After three decades of pedaling harder and faster to meet our culture’s increasingly lofty goals and progressively more inaccessible role models, even the economically secure have reached psychological exhaustion.
I log on to AOL, and while I can slightly customize my welcome screen I cannot bypass the daily flux of iconic images. Oprah Winfrey, Warren Buffett, Bono, Albert Einstein. One click takes me to exactingly descriptive profiles of America’s 25 most envied people — all smarter, richer, more famous, and with better hair and sex than mine.
Human interest in high-status people is nothing new. It’s a healthy shortcut in selecting competent leaders. What’s new is that the typical American adult now spends nine hours each day — more than any other waking activity — consuming some form of media. What’s new is that, over the past two to four decades, media culture has grown to saturate our psychologies with the managed images and vivid, intimate detail of these toweringly famous, wealthy and beautiful people.

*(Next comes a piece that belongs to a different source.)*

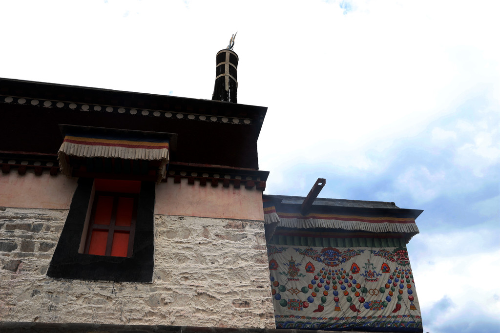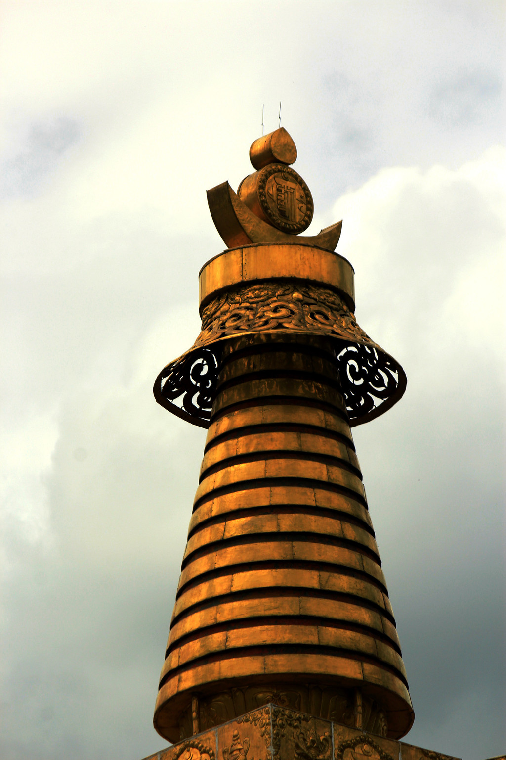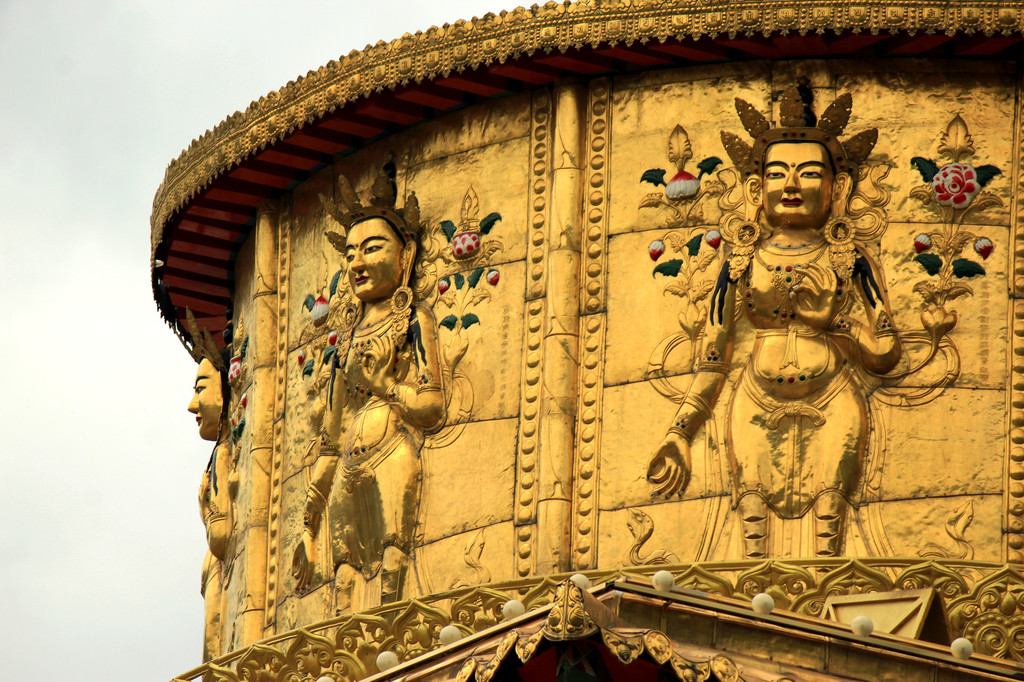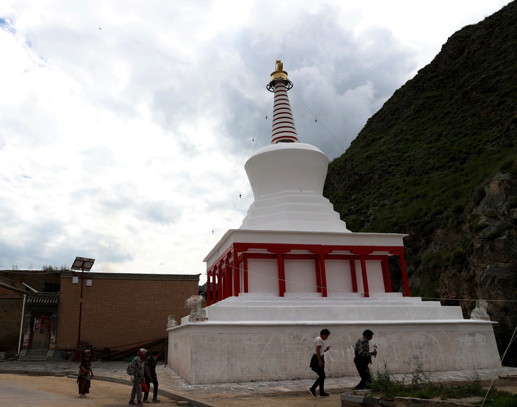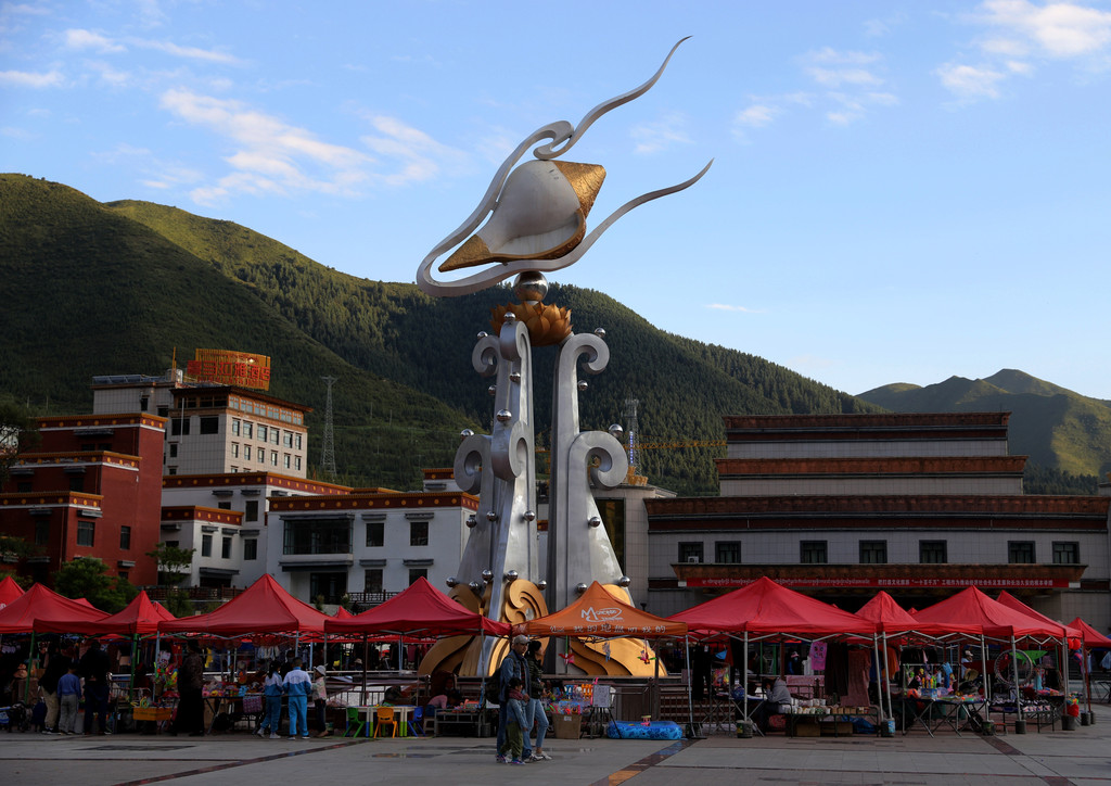 拉卜楞寺里的贡唐宝塔,是拉卜楞寺的地标性建筑,宝塔呈金黄色,在阳光下非常漂亮耀眼。塔内供奉着佛像,塔尖和底座金碧辉煌,是拉卜楞寺寺院群里最耀眼的建筑之一。进塔身沿着楼梯上到顶部的开放平台,可以观看拉卜楞寺的全景,是拍摄拉卜楞寺的好地方。周边的商铺在售卖各种纪念品,但由于疫情的影响,游客不多,生意肯定也不会好。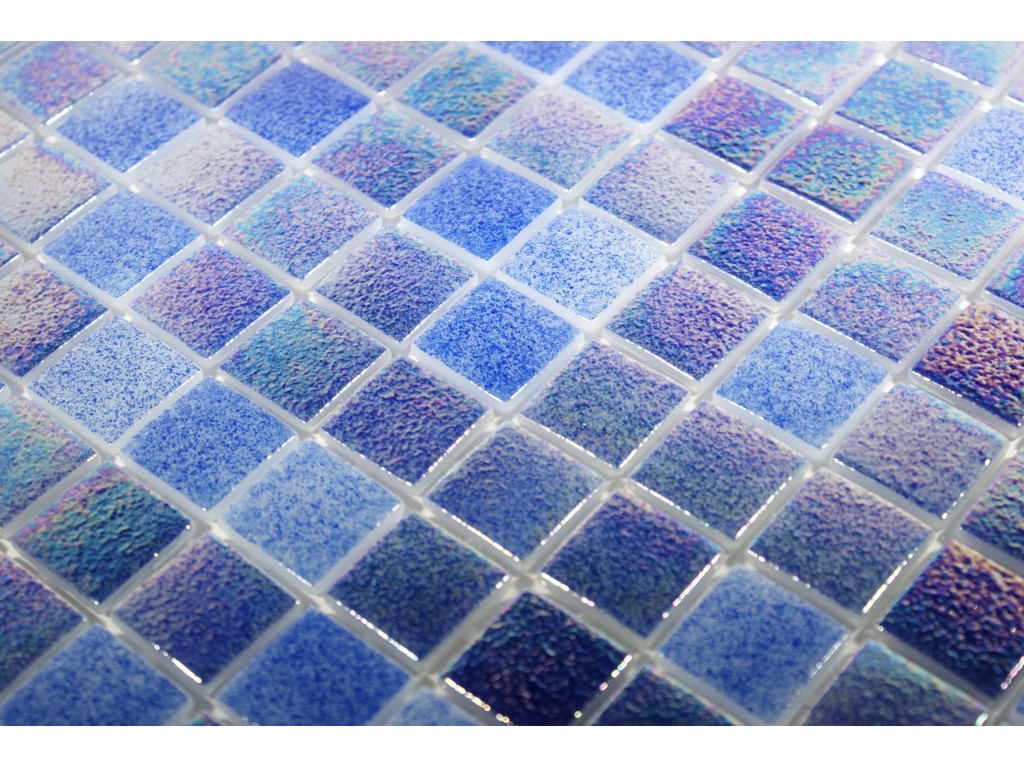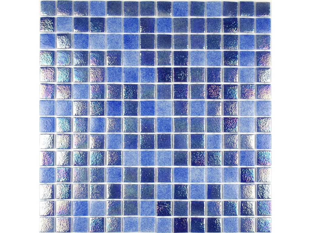 Glass mosaic tile, iridescent effect 23.5 x 23.5 mm, (Menorca)A winning combination of rich blues blended with blue iridescent pieces ensure that Menorca is a favourite.

The saturation has warped our aspirations and made us delusional. Thirty percent of us think we will become famous; 45 percent think we will become wealthy.
What’s also new is the global economy. Its eclipse of local life and endeavor has left most of us with no place to satisfy our healthy need for recognition of our modest but real talents and contributions.
Thirty years ago, the average pay for the top hundred American CEOs was $1.2 million in today’s dollars; by 2006, it was $51 million. Millionaires – 9 million in the U.S — have become almost ordinary in a world with more than 1,000 billionaires.
Last year, the University of Pennsylvania rejected one-third of high school valedictorians and 70 percent of those with near-perfect SAT scores.
In 2008, our hyper-oxygenated goals and expectations finally crashed against our abilities and our ability to pay. The good news is that we are ready to question these goals and role models and, in the process, to redefine the meaning of success in America.